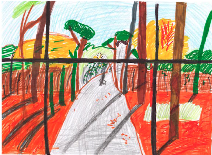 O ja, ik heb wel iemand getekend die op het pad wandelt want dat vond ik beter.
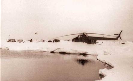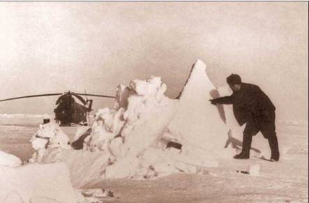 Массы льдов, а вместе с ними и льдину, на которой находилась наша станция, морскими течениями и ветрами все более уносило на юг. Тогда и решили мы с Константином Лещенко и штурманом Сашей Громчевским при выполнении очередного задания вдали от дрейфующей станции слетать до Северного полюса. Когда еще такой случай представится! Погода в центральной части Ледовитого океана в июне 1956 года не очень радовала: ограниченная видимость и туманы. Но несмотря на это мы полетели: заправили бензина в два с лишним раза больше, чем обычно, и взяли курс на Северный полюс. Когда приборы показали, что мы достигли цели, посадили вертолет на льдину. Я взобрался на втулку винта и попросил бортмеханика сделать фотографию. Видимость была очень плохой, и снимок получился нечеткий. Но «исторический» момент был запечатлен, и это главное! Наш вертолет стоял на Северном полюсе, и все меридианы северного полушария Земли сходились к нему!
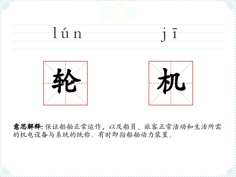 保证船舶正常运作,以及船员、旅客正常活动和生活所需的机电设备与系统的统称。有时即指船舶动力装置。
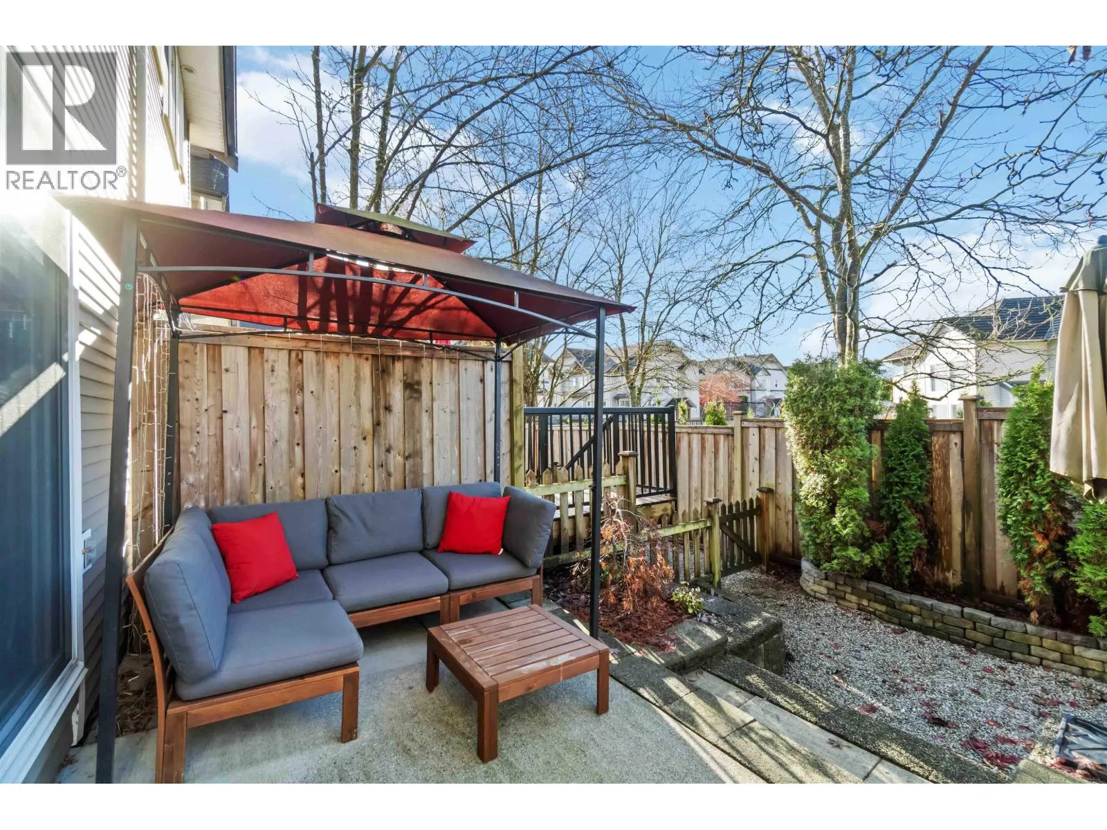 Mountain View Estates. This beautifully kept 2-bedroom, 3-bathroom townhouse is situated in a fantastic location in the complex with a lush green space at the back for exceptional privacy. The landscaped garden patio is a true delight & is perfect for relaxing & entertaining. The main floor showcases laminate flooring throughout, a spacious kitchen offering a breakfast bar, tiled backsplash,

WORK TASK =
Excluding pictures, copy exactly the lines from the line containing "保证船舶正常运作,以及船员、" through the last line of the data, inclusive.

RESPONSE TO THIS EXERCISE =
 保证船舶正常运作,以及船员、旅客正常活动和生活所需的机电设备与系统的统称。有时即指船舶动力装置。
 Mountain View Estates. This beautifully kept 2-bedroom, 3-bathroom townhouse is situated in a fantastic location in the complex with a lush green space at the back for exceptional privacy. The landscaped garden patio is a true delight & is perfect for relaxing & entertaining. The main floor showcases laminate flooring throughout, a spacious kitchen offering a breakfast bar, tiled backsplash,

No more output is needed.